# [What is needed]
Begin at the line below that holds "根据《兽药管理条例》和《兽药" and end at the line that holds "The installer has", transcribing each line exactly and skipping any picture.

# [Entries supplied]
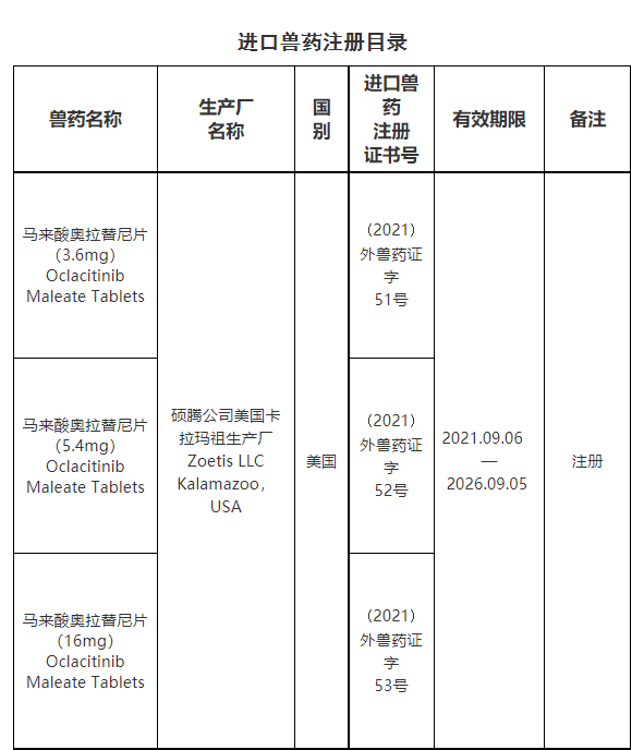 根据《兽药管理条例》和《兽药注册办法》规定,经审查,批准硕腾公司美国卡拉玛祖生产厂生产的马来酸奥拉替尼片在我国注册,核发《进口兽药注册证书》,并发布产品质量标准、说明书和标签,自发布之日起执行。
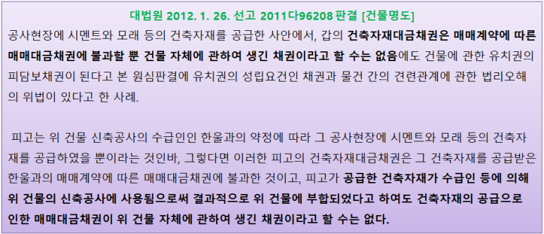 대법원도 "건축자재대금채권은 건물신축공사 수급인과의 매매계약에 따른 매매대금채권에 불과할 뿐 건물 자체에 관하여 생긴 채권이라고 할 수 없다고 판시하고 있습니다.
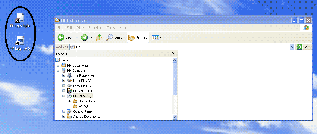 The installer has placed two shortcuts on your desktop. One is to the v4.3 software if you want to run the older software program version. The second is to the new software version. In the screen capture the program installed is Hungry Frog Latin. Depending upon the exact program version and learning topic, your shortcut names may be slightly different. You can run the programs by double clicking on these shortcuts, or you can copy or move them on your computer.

==

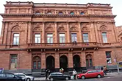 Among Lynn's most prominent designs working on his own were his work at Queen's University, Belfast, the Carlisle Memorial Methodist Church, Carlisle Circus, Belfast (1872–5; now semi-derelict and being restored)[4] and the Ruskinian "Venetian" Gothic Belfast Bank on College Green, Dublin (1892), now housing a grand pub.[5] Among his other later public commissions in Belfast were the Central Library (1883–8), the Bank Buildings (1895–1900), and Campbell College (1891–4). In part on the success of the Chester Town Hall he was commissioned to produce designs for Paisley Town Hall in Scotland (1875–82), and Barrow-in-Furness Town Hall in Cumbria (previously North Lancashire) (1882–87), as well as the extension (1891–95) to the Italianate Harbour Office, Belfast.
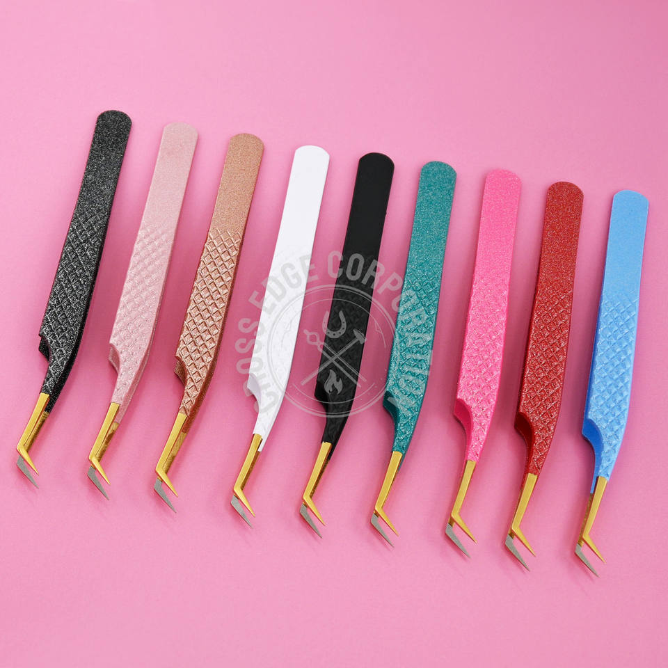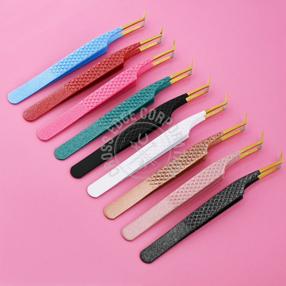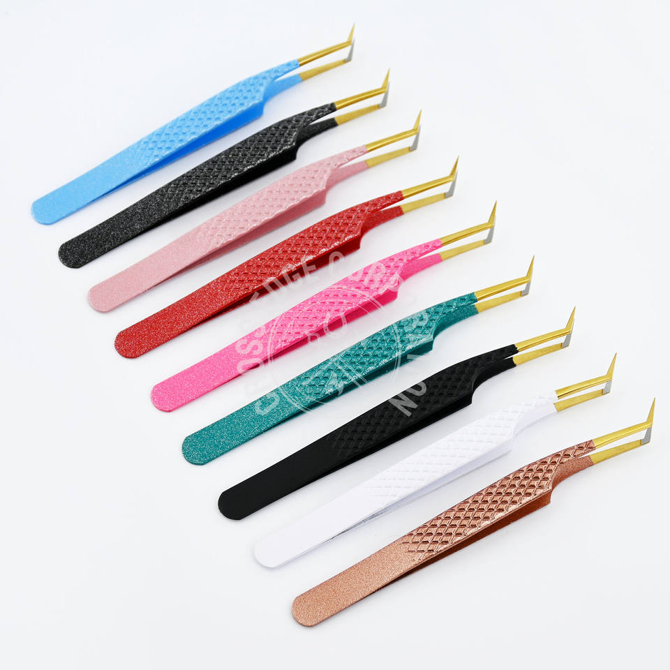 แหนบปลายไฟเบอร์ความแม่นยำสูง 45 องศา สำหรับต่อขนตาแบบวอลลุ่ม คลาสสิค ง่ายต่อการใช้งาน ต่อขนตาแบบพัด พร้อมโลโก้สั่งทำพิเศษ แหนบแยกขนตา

# [Exercise response]
 根据《兽药管理条例》和《兽药注册办法》规定,经审查,批准硕腾公司美国卡拉玛祖生产厂生产的马来酸奥拉替尼片在我国注册,核发《进口兽药注册证书》,并发布产品质量标准、说明书和标签,自发布之日起执行。
 대법원도 "건축자재대금채권은 건물신축공사 수급인과의 매매계약에 따른 매매대금채권에 불과할 뿐 건물 자체에 관하여 생긴 채권이라고 할 수 없다고 판시하고 있습니다.
 The installer has placed two shortcuts on your desktop. One is to the v4.3 software if you want to run the older software program version. The second is to the new software version. In the screen capture the program installed is Hungry Frog Latin. Depending upon the exact program version and learning topic, your shortcut names may be slightly different. You can run the programs by double clicking on these shortcuts, or you can copy or move them on your computer.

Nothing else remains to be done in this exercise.